David Donaldson (1916-1996) was, in his own words "a wee bastard who was bairned up a close in Coatbridge" and first raised by foster parents. David Donaldson became one of Scotland's most recognised portrait painters of the 20th century. He studied at Glasgow School of Art from 1932 to 1937 where, although he passed no formal exams, his ability was recognised by the Director, William Oliphant Hutchison, who provided him with a studio and a travelling scholarship enabling him to visit France and Italy.
In 1938, selected along with several other young Scottish artists, he executed a mural for the Empire Exhibition in Bellahouston Park and in 1941 won the Royal Scottish Academy's Guthrie Award.
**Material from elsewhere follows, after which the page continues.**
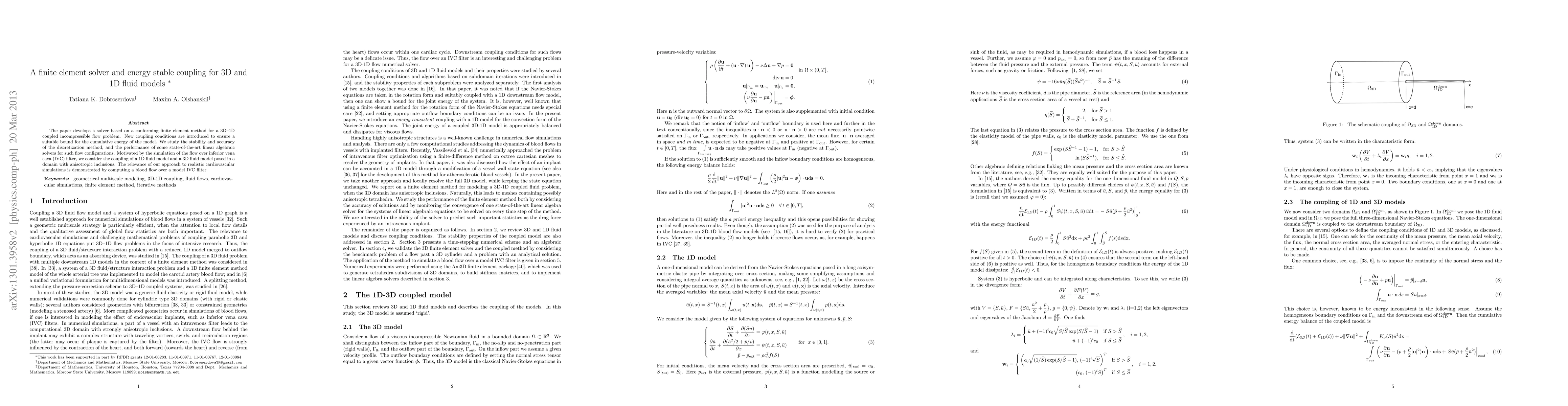 A new finite element solver is developed for 3D-1D fluid models with energy stable coupling conditions to ensure accurate results, particularly relevant for simulating blood flow over inferior vena cava filters.

Unfit for war service, Donaldson began to teach at his former college and was appointed a full-time lecturer in 1944. At this time he began portrait painting and soon attracted numerous commissions culminating in 1966 with a portrait of Her Majesty the Queen which led to his appointment as Painter and Limner to Her Majesty the Queen in Scotland, in 1977. His portraits, often strongly coloured and vigorously painted, have a nervous energy expressive of the emotions he professed to feel at the magnitude of the task of depicting his sitter.
As head of the Department of Drawing and Painting at Glasgow School of Art from 1967 his work continued a tradition of figurative painting there, which led to the development of the internationally recognised group of figurative painters who studied at Glasgow in the 1980s. To those who knew him he will be remembered for his truculent character, his intolerance of pretension and his vocabulary peppered with expletives (in effect more amusing than offensive), and for his own humanity which, as an artist, equipped him to paint insightful portraits of others.